The NCLT will now admit Sunil Hitech into bankruptcy proceedings. Once admitted, an insolvency resolution professional (IRP) takes operational control from a company’s promoters. The promoters get 270 days to find buyers for the company, a move that has to be approved by a committee of creditors (CoC). Failure to do so results in the company being liquidated.
Interestingly, UCO Bank, which is the largest lender to the engineering firm, having loaned around Rs 400 crore, is not leading the motion.
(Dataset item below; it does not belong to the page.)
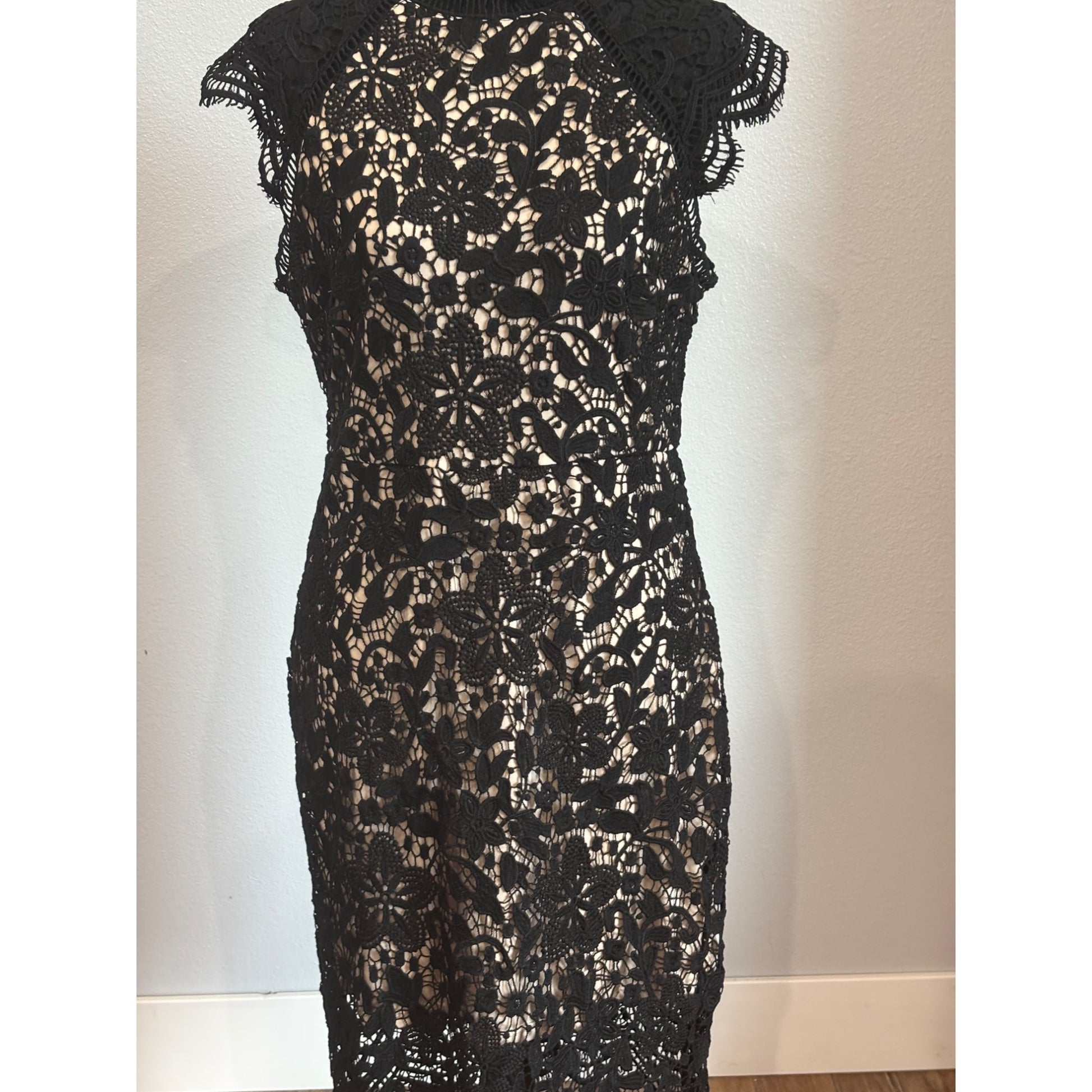 This elegant black lace dress features a beige lining, offering a striking contrast. Its midi length and delicate floral pattern make it a chic choice. The fitted design and cap sleeves provide a flattering silhouette, perfect for adding a sophisticated touch to your wardrobe.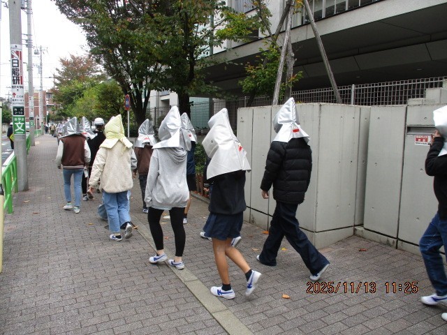 今日は、駒沢中学校まで避難しました。道中はとても静かで列を乱すことがなく避難できて、大変感心しました。天災は忘れた頃にやってきます。月に1回の避難訓練に真剣に取り組んでいます。

However, the source Moneycontrol spoke to, who is close to Amex, says the credit card company expects UCO to support the petition.
An email to the company and a call to UCO Bank chief remained unanswered.
Other banks that have made loans to Sunil Hitech include Union Bank of India, Punjab National Bank, Oriental Bank of Commerce and ICICI Bank.
The insolvency and bankruptcy law, passed in 2016, has kickstarted a fire sale of distressed companies, especially those in the infrastructure sector, whose loans have been declared as non-performing assets.
The Sunil Hitech stock, once dubbed as attractive by many high-profile investors, has tumbled over the past one year, falling from a high of Rs 22.6 (adjusted) to about Rs 2.8 low, a loss of about 88 percent.
The Enforcement Directorate (ED) had attached cash deposits worth Rs 25.44 crore of the company in a coal block case under the Prevention of Money Laundering Act (PMLA).
The company’s stock was also added to the additional surveillance mechanism (ASM) list put out by SEBI in June this year.
As per the company’s consolidated financial statements, as of March 2018, it had a total debt of Rs 1,785 crore as opposed to equity of Rs 641 crore.